Никто, ни один человек, не обратил внимания на то, что я был совершенно мокрый и обессиленный после этой вахты в румпельном отделении, всё шло как обычно, так, как было нужно…

Теперь я мог рассмотреть Калининградский морской канал со всех бортов и во всей красе, а вечером в лоции я с удовольствием прочитал справку о канале.

Оказалось, что средняя разрешённая скорость движения судов по каналу 8 узлов, а время прохождения канала составляет всего-то около 3 часов. Канал начинается перед морскими молами ВМБ Балтийск и заканчивается у двухъярусного моста в Калининграде (устье реки Преголь). Для входа кораблей и судов в канал требуется специальное разрешение портовых служб Балтийска и Калининграда.

БПК «Свирепый» мирно проходил каналом мимо города-порта Светлый, вдоль причальных линий (более 2 км) крупных предприятий: старейшего Балтийского рыбоконсервного комбината; рыболовецкого колхоза «За Родину»; завода «Светловский судоремонт», предприятия «Запреммаш», предприятия «Эра», межколхозной производственной судоремонтной базы, нефтяных терминалов и хранилищ, электроподстанций и ещё многих промышленных построек.

Морской канал был прорыт и обустроен дамбами-берегами потому, что убытки в начале XX века от перегрузки товаров в Пиллау на лихтерные суда, потеря времени, порча товаров составляли ежегодно 450 000 германских марок. Поэтому был объявлен конкурс и из 20-ти проектов выбрали проект строительного инспектора гавани Пиллау Хуго Натуса (1825-1912). Его предложение было самым простым и эффективным – он предложил соорудить вдоль берега залива искусственные дамбы «для поддержания уровня глубины канала».

На строительство канала потребовалось 12 300 000 германских марок, которые дали купцы Кёнигсберга и правительство Пруссии.
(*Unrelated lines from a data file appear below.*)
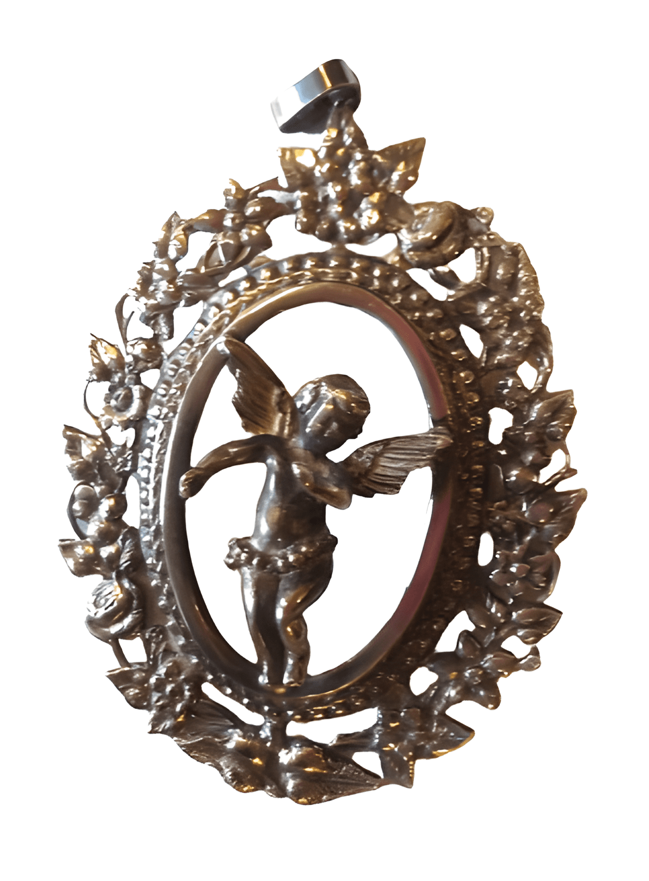 Medalla de plata de 925 milésimas, representa a cupido, del siglo XIX.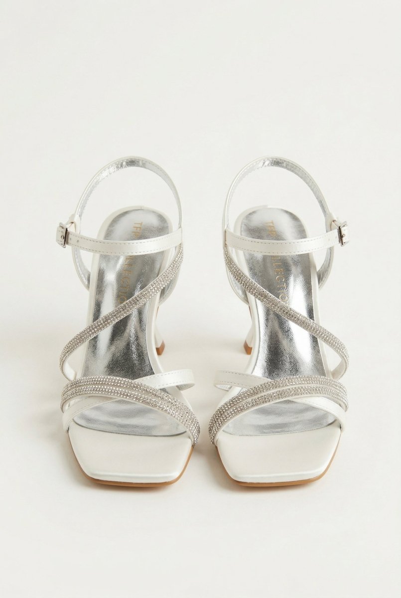 The TFP Rhinestone Strap Heeled Sandals in White Pearl are the ultimate choice for sophisticated evening wear and elevated summer occasions. These elegant sandals feature stunning rhinestone-embellished straps that catch the light beautifully, paired with a sleek slim heel and refined ankle bar closure. Designed for those who appreciate timeless elegance with a touch of glamour, these heeled sandals seamlessly transition from special events to upscale casual outings.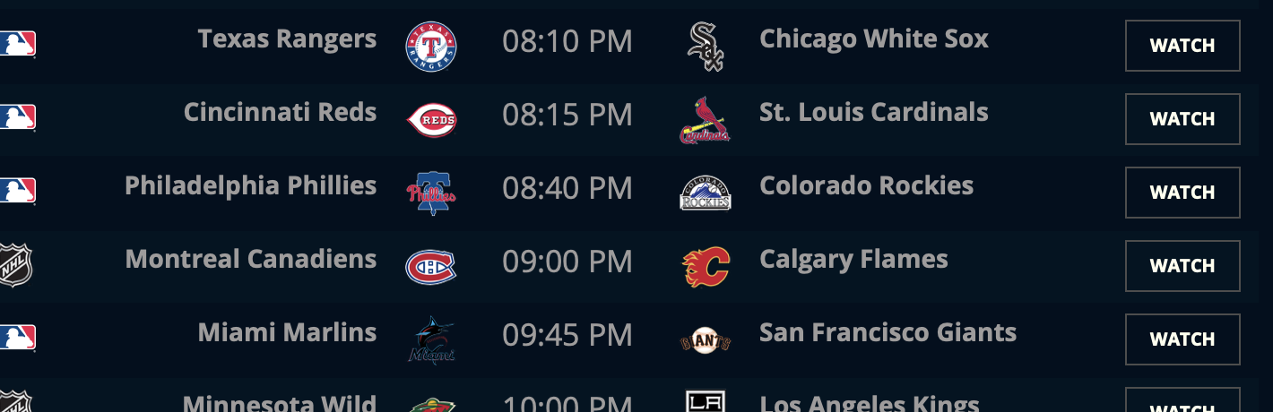 메이저리그 30개 구단의 모든 경기가 경기 시간에 맞춰 실시간 송출됩니다.

Дамбы строили путём забивки двух рядов свай, переплетение их пучками прутьев (фашинами) и засыпки их камнями, землёй, песком и породой.

Напротив береговых посёлков в дамбах были сделаны 30-ти метровые проходы, около Пиллау и
Пайзе насыпные острова-дюны засадили деревьями. Общая протяжённость дамб канала – 31,5 км.

Визита и захода в завод все на БПК «Свирепый» ждали, как визита в иностранный порт, хотя все надеялись, что мы пойдём в Лиепая…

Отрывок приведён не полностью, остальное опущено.